We must change our language and this change our thinking. "Their" problems become "our" problems and the pain that "they" feel becomes the pain "we" all feel. Once this simple truth is accepted by the masses, true empathy and compassion can follow. Be a leader in this movement and urge everyone around you to realize the beauty of "Us." No more misunderstanding, no more hate. The world needs tolerance, empathy, compassion and understanding.

One love,

Jeb

Tuesday, July 24, 2012

CBC Daybreak Radio Chat

This morning I had the pleasure to catch up with Mike Finnerty and the whole crew at CBC Daybreak Radio. Mike was a great host and asked me about topics ranging from Peace Pandemic to Twitter. Take a listen!

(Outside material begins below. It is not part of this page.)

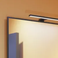 Kombinationen af den smalle lampe, rammen på Select spejlet og vaskemøblets slanke sorte greb binder det stilfulde udtryk sammen.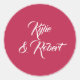For the bright themed weddings inspired by sunset and citrus. Modern minimal and elegant viva magenta with mid-century calligraphy with bride and grooms names personalised wedding sticker. This product is easily editable. If you need help with the customisation of this product or you need more matching products for this collection kindly message me via Zazzle.

http://www.cbc.ca/player/Radio/Local+Shows/Quebec/ID/2259984923/


Monday, July 23, 2012

Nonviolence Lesson 101

In honor of one of my favorite Professors in college, John Darby, I wanted to write a short piece on nonviolence. Professor Darby passed away this year but I will never forget the lessons of nonviolence that he taught me. Nonviolence is often labeled as "taboo" or "impractical" but when looked at in depth, actually reveals itself to be quite effective.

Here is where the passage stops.